Few of my Mom's eight children realized what was ahead after the doctor used those words to describe a bug she had caught after being treated for what seemed like a run-of-the-mill infection.

Antibiotics had dealt with the initial infection, but they also had killed off the "good bacteria" in her colon, allowing the bad ones to flourish.

On Christmas Day, the day after Mom was rushed to the ER at Advocate Lutheran General Hospital in Park Ridge, the doctor described C. diff., or Clostridium difficile, as a super bug, like MRSA. Once they figured out what was making Mom so sick, she was put into a room by herself - in isolation so the bug wouldn't be spread. Her children, all adults, could visit, but only if they put on a medical gown and gloves. We were not allowed to touch her soft skin, skin to skin. Her many grandchildren would not be allowed to visit.

Still, it didn't seem possible that this bug could take this strong, healthy woman who had seen her way through so many struggles and come out grateful and full of love and life. We'd all seen her come flying through an operation to fix a broken ankle and another to fix a broken bone in her back. So now, nearly through treatment to heal a fractured pelvis, she was faced with an infection. Surely the drugs would win. It just meant she'd spend Christmas and longer in the hospital, until the drugs could kill the bug.

And yet, an older brother who is a doctor in Minneapolis must have known how serious C. diff. can be. He and his wife hopped in the car early, the day after Christmas, and drove the 7½ hours straight to Lutheran General. The three of us laughed about the gowns and gloves in the hallway, racing to see who could get it all on first. They patiently watched for Mom to wake up between bouts of exhaustion and to make a joke.

But by Saturday, the bug had started to win. Mom was transferred to intensive care. Her white blood cell count just kept rising, despite more antibiotics, and her body was shutting down.

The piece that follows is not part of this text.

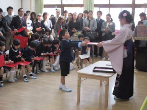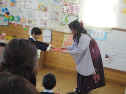 園長先生から証書をいただく子どもたちは,いつもよりたくましく見えました。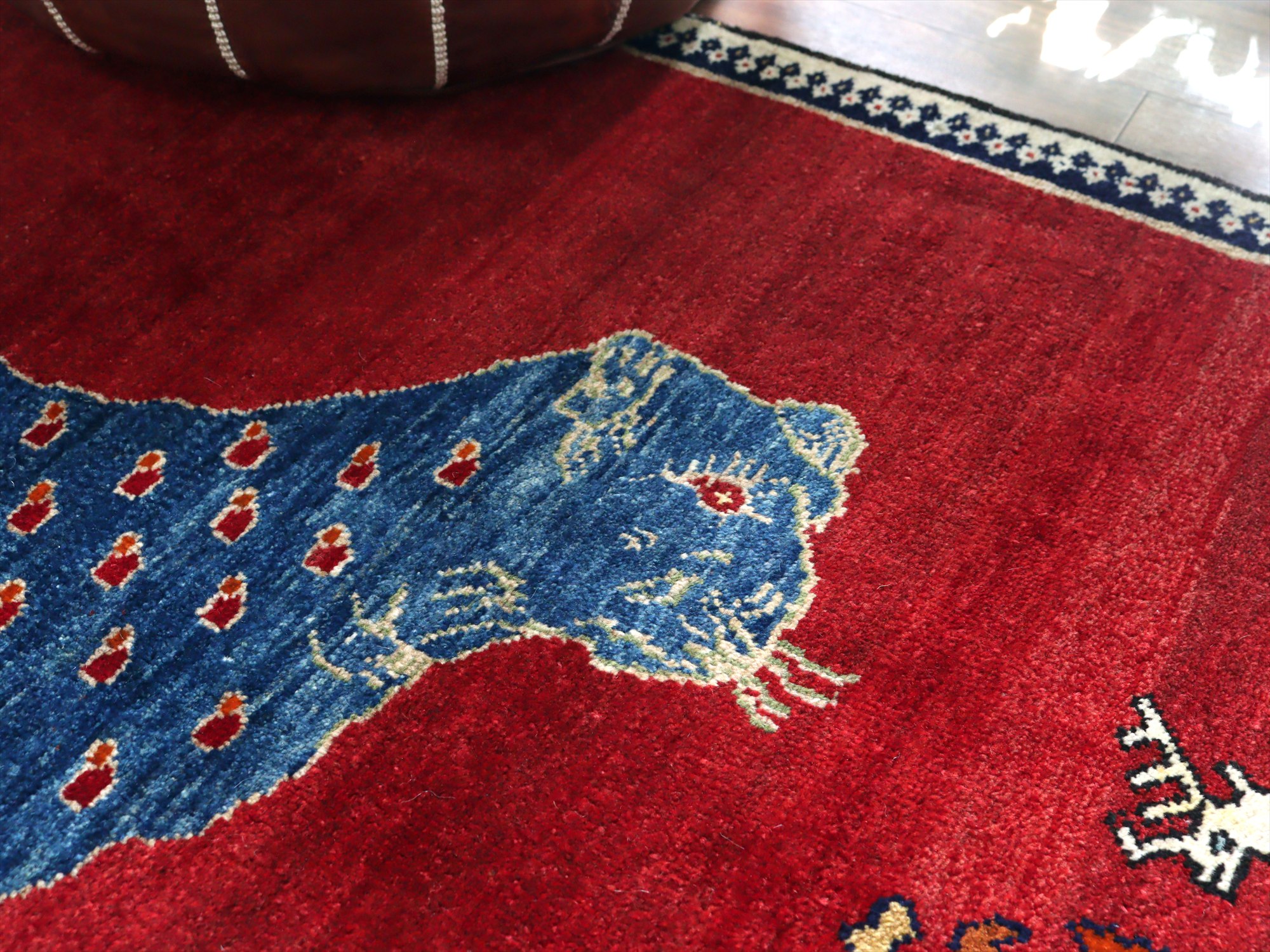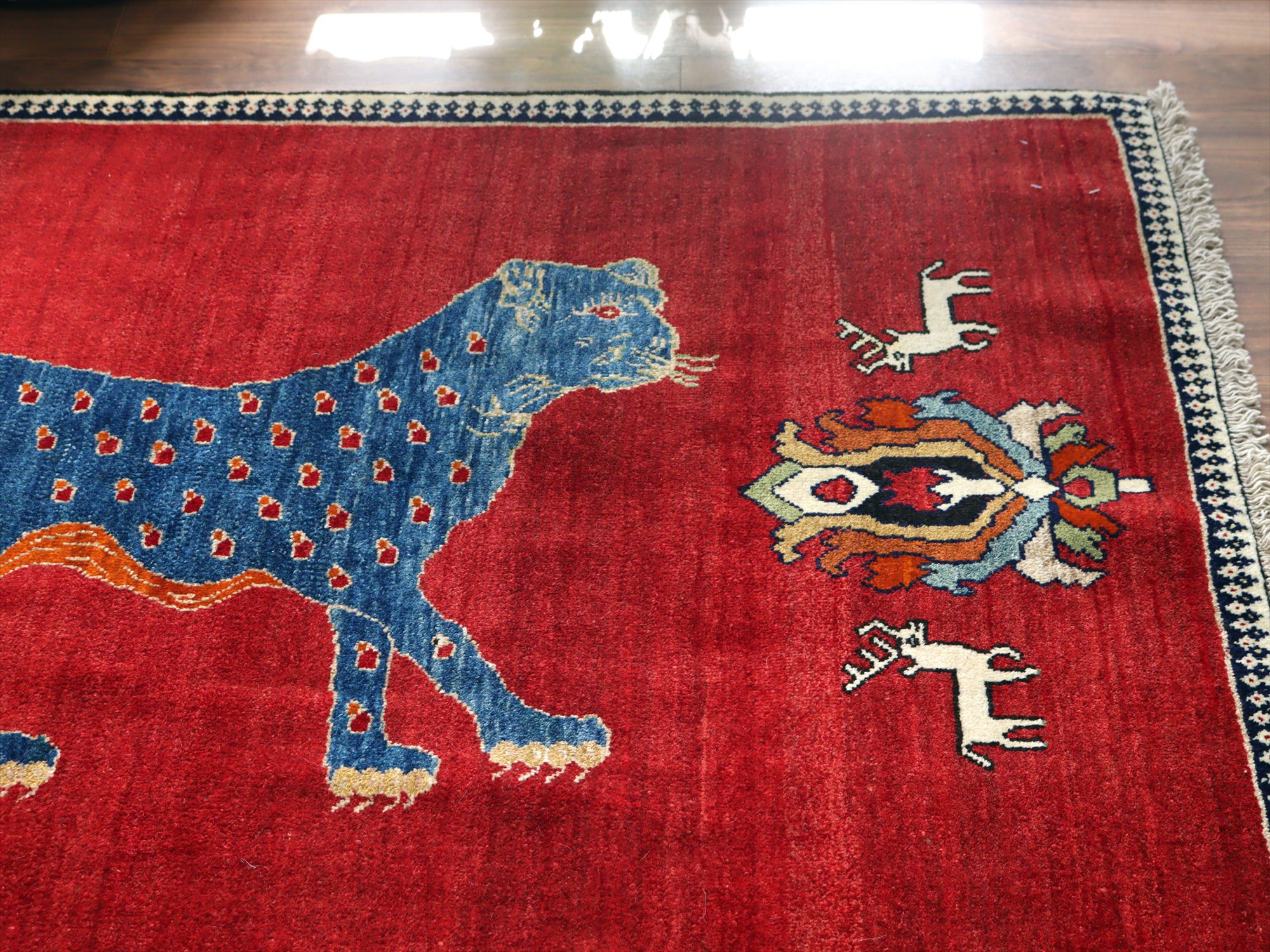 - ライオンラグ 青いヒョウ オールドギャッベ 158x100cm レッド ブルー パルメット

By Sunday noon, it was time to call a priest and make Mom comfortable. With the caring and gentle guidance of the nurses and doctors at Lutheran General, our family decided Mom needed a break from the feeding tube and breathing mask and everything she had fought to remove from her face in the past two days. Barely able to talk, Mom answered yes when I asked if she wanted us to remove the tube that was down her nose.

And then, she was at peace, as, around her bedside, we sang and sang and sang songs that she had cherished, filling the ICU with awful singing and lots of tears. And we prayed and told stories and promised her so many, many things. And thanked her again and again for all she had done for us.